## Activity
Of the material below, only the lines from the line containing "TENNIS - Serena" down to the line containing "Die Ferienwohnung umfasst" belong in the answer, written out exactly.

## Exercise data

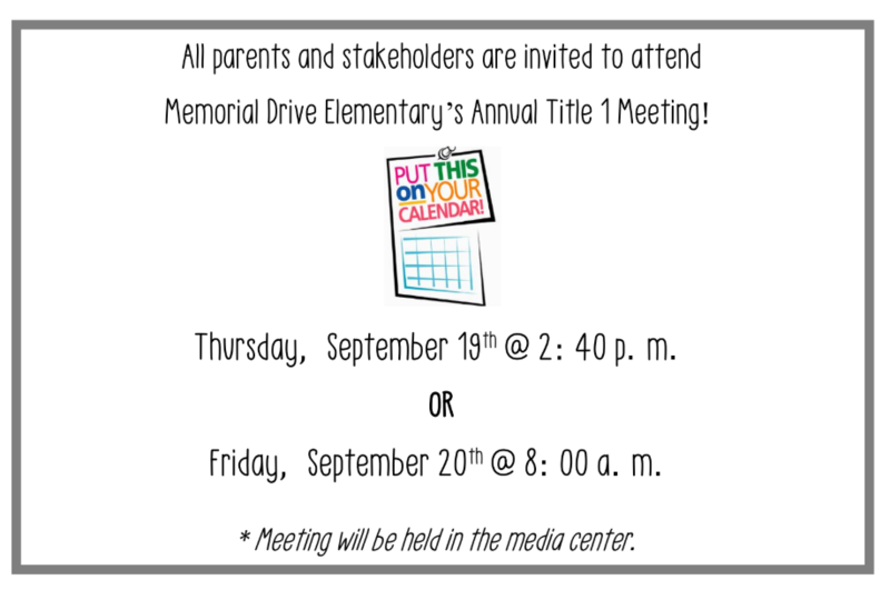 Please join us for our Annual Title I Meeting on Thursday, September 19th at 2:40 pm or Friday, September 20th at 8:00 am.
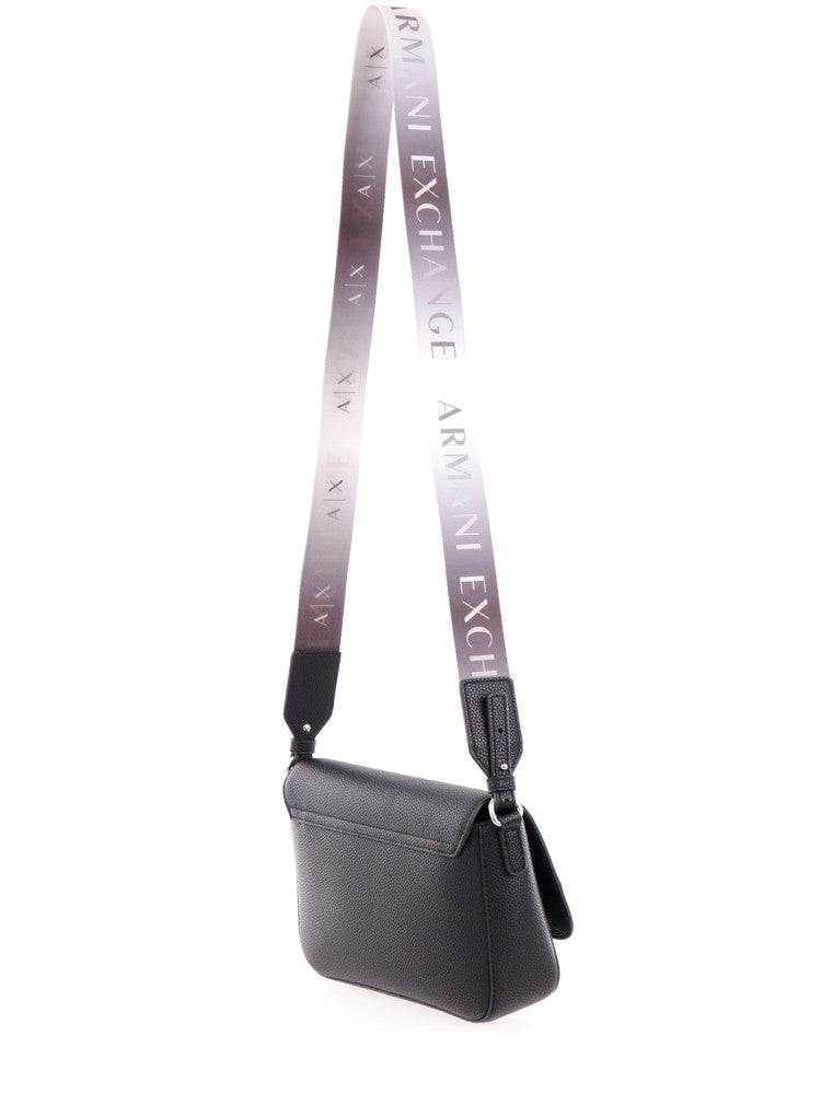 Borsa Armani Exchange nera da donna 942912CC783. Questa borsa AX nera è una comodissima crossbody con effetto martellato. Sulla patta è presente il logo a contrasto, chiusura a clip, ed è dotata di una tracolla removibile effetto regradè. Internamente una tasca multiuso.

---

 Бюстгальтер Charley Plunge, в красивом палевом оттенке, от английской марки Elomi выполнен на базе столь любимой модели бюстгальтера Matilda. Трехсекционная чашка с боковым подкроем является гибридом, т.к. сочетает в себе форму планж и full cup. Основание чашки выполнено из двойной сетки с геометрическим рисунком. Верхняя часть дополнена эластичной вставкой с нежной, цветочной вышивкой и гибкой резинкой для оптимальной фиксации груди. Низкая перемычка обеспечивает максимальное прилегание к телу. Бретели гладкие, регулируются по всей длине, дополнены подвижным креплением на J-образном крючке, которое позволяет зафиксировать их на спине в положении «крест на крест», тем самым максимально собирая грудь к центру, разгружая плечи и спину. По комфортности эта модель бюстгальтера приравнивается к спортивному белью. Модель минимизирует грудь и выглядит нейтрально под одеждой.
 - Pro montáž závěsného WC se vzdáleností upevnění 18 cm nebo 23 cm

* * *

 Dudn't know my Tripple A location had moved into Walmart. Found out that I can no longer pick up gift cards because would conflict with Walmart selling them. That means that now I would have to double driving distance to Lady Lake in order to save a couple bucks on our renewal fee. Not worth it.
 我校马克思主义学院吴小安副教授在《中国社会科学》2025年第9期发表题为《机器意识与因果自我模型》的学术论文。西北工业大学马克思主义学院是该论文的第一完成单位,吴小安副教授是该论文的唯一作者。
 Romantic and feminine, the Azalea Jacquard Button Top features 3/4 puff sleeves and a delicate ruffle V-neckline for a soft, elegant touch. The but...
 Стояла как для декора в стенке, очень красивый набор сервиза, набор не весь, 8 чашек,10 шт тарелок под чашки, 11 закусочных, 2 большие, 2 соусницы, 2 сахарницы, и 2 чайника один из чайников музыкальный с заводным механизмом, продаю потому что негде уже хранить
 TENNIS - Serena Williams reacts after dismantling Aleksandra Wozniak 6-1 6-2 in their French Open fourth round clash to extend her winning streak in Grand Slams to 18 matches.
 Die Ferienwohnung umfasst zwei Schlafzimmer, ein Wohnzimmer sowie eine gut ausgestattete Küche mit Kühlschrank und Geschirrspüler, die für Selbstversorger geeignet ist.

## Answer for the task
 TENNIS - Serena Williams reacts after dismantling Aleksandra Wozniak 6-1 6-2 in their French Open fourth round clash to extend her winning streak in Grand Slams to 18 matches.
 Die Ferienwohnung umfasst zwei Schlafzimmer, ein Wohnzimmer sowie eine gut ausgestattete Küche mit Kühlschrank und Geschirrspüler, die für Selbstversorger geeignet ist.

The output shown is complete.